Le-DETR: Revisiting Real-Time Detection Transformer with Efficient Encoder Design

Real-time object detection is crucial for real-world applications as it requires high accuracy with low latency. While Detection Transformers (DETR) have demonstrated significant performance improvements, current real-time DETR models are challenging to reproduce from scratch due to excessive pre-training overheads on the backbone, constraining research advancements by hindering the exploration of novel backbone architectures. In this paper, we want to show that by using general good design, it is possible to have \textbf{high performance} with \textbf{low pre-training cost}. After a thorough study of the backbone architecture, we propose EfficientNAT at various scales, which incorporates modern efficient convolution and local attention mechanisms. Moreover, we re-design the hybrid encoder with local attention, significantly enhancing both performance and inference speed. Based on these advancements, we present Le-DETR (\textbf{L}ow-cost and \textbf{E}fficient \textbf{DE}tection \textbf{TR}ansformer), which achieves a new \textbf{SOTA} in real-time detection using only ImageNet1K and COCO2017 training datasets, saving about 80\% images in pre-training stage compared with previous methods. We demonstrate that with well-designed, real-time DETR models can achieve strong performance without the need for complex and computationally expensive pretraining. Extensive experiments show that Le-DETR-M/L/X achieves \textbf{52.9/54.3/55.1 mAP} on COCO Val2017 with \textbf{4.45/5.01/6.68 ms} on an RTX4090. It surpasses YOLOv12-L/X by \textbf{+0.6/-0.1 mAP} while achieving similar speed and \textbf{+20\%} speedup. Compared with DEIM-D-FINE, Le-DETR-M achieves \textbf{+0.2 mAP} with slightly faster inference, and surpasses DEIM-D-FINE-L by \textbf{+0.4 mAP} with only \textbf{0.4 ms} additional latency. Code and weights will be open-sourced.

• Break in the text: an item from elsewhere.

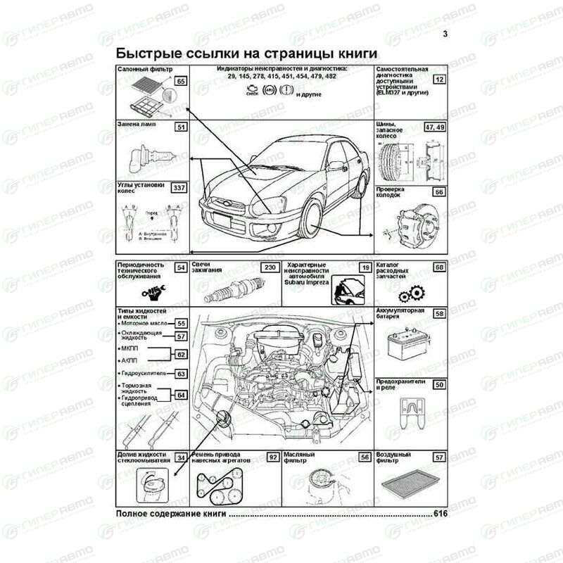 Руководство по эксплуатации, техническому обслуживанию и ремонту Subaru Impreza с бензиновым двигателем (2000-2007 гг.)

翻译：实时目标检测因其对高精度与低延迟的要求，在实际应用中至关重要。尽管检测Transformer（DETR）已展现出显著的性能提升，但当前实时DETR模型因主干网络过高的预训练开销而难以从头复现，这阻碍了新主干架构的探索，从而制约了研究进展。本文旨在证明，通过采用通用的优良设计，可以实现**高性能**与**低预训练成本**的兼顾。在对主干架构进行深入研究后，我们提出了多种尺度的EfficientNAT，其融合了现代高效卷积与局部注意力机制。此外，我们重新设计了采用局部注意力的混合编码器，显著提升了性能与推理速度。基于这些进展，我们提出了Le-DETR（**低**成本**高效**检测**Transformer**），该模型仅使用ImageNet1K和COCO2017训练数据集，即在实时检测中取得了新的**SOTA**性能，与先前方法相比在预训练阶段节省了约80%的图像数据。我们证明，经过精心设计的实时DETR模型无需复杂且计算昂贵的预训练即可实现强劲性能。大量实验表明，Le-DETR-M/L/X在COCO Val2017上分别达到**52.9/54.3/55.1 mAP**，在RTX4090上的推理时间为**4.45/5.01/6.68 ms**。其在速度相近的情况下，以**+0.6/-0.1 mAP**超越YOLOv12-L/X，同时实现**+20%** 的加速。与DEIM-D-FINE相比，Le-DETR-M以略快的推理速度实现**+0.2 mAP**的提升，并以仅**0.4 ms**的额外延迟，以**+0.4 mAP**超越DEIM-D-FINE-L。代码与权重将开源发布。